Rubin Variable Star Workflow

A decision pipeline that turns large, noisy Rubin Observatory catalog data into a prioritized shortlist of candidate variable stars. The workflow was designed to support ranking, review, and follow-up decisions through transparent scoring, repeatable analysis, and interpretable model outputs.

Outcomes

Confusion matrix for variable star classification showing strong performance on LPVs and RR Lyrae
Confusion matrix for the initial classification model. Beyond model performance, the key value of this step was operational: creating a repeatable way to triage large volumes of candidates and focus review effort where it is most useful.

Problem

Large astronomical catalogs create a prioritization problem.
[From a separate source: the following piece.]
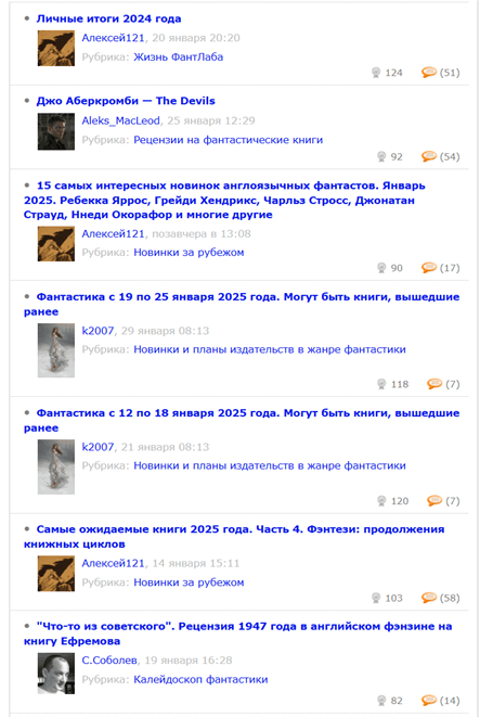 Портал для любителей фантастики, где участники оценивают книги, обсуждают новинки жанра и участвуют в формировании рейтингов. Несмотря на нишевую тематику, сообщество сайта характеризуется активными обсуждениями и высокой вовлеченностью своих читателей. Источник: https://fantlab.ru/

Researchers cannot manually inspect every object with equal attention, especially when observations are noisy, incomplete, or updated at scale. The challenge was to turn raw catalog-level signals into a structured decision process: which candidates should be reviewed first, why they ranked highly, and how the process could be repeated as more data becomes available.

Approach

  • Translated an open-ended research problem into a structured ranking and prioritization workflow.
  • Explored large-scale observational data to identify signals that could support candidate triage.
  • Engineered interpretable variability metrics that could be compared consistently across objects.
  • Combined metrics into a composite index to create a transparent prioritization framework.
  • Added machine learning classification to support scalable review as additional catalog data becomes available.
  • Packaged the workflow with documented assumptions, outputs, and scope boundaries for reuse by future researchers.

Why this matters

This project is less about astronomy alone and more about a transferable analytics pattern: turning complex, noisy data into a repeatable decision system. The same structure applies to strategy, operations, product, and program analytics contexts where teams need to prioritize limited attention, explain recommendations, and create workflows that scale as new data arrives.